When I’m out on the street—not so often these days—I’m sometimes accosted with strange questions. This has happened to me quite a few times over the years. Recently, when I was taking the recycling out for my daughter on a weekend visit, I saw a couple guys in a car right by the receptacle. I was wearing a mask, due to, you know, Covid, so I wanted to keep social distance. The one in the driver’s seat asked if I was going to dump the recycling and when I said I was his partner said “I’ll take care of that for you.” They had a plastic bag full of cans and were loading glass bottles in their trunk. I thanked them for their help and turned to go. As I was walking away one of them called out.

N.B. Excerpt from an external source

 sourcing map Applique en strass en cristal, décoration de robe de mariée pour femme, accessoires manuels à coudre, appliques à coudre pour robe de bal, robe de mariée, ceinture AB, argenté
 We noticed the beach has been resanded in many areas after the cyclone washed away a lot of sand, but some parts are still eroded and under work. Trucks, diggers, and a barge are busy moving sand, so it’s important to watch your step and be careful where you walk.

“Hey! Are you a teacher?” I get asked that a lot. Only the academy refuses to recognize it. I acknowledged that I used to be. “What level?” they asked. I allowed as I used to be a college professor. “Where?” I told them most recently at Rutgers. “What’d you teach?” This is where it always gets interesting and I start to sweat a little. I told them religious studies. I also said that’s why I couldn’t find a teaching job. “The best information we ever had on religion came from a six-year old. You know what the F in faith stands for?” I shook my head. “Forgiveness. Without that the rest of religion means nothing.” I told them I could accept that.

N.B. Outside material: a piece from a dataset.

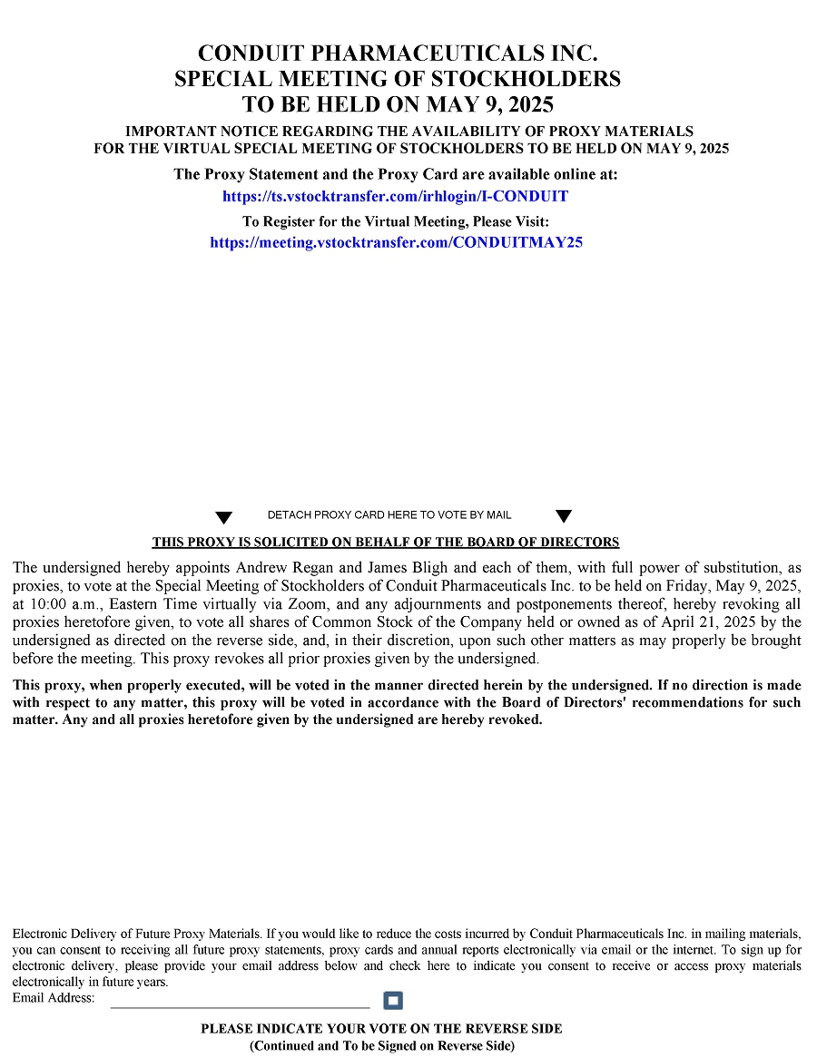 Conduit Pharmaceuticals Inc. is furnishing this proxy statement to our stockholders of record as of the close of business on April 21, 2025 (the “Record Date”) in connection with our solicitation of proxies for use at the virtual special meeting of stockholders to be held on Friday, May 9, 2025 at 10:00 a.m., Eastern Time and any adjournment(s), postponement(s) or other delays thereof (the “Special Meeting”).
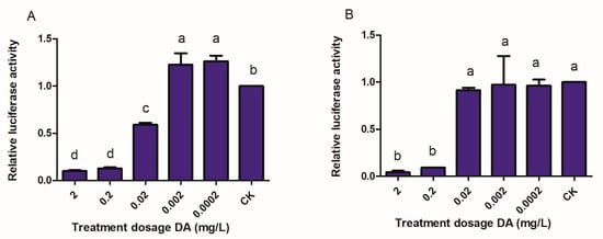 The results showed that DA considerably influences the interactions of BmTMEM214–BmSEC13L and BmSEC23–BmSEC13 (Figure 3). For the BmTMEM214–BmSEC13L interaction, DA at higher dose (0.02 µg/mL) inhibited the interaction, while at lower doses (0.002–0.0002 µg/mL), it activated the same interaction, because the activities of luciferase decreased by ~40%andincreased by ~20% were found in higher dose and lower dose DA treatments, respectively (Figure 3A). However, a DA dose-dependent relative luminescent value decrease was recorded in BmSEC23–BmSEC13, where only at the dose ≥0.2 µg/mL did DA significantly inhibit the interaction between the proteins (Figure 3B).

Then as I was turning to go they called out, “You know the acronym for Love? Living our values every day.” I told them they were now the teachers and I was the student. They responded by telling me that they’d just sold a song they co-wrote for a million and a half dollars. I expressed surprise at that. They told me the title and said it was recording in Nashville this week. I congratulated them and finally was able to be on my way. This made me reflect on the several such strange conversations I’ve had on the street. They often begin with “Are you” and not infrequently end with “a professor.” This is usually followed up with some kind of intelligent question. People, it seems to me, are eager to learn. Maybe not in the classroom, but in what is referred to as the “university of life.” Perhaps that’s all the schooling we ever really need.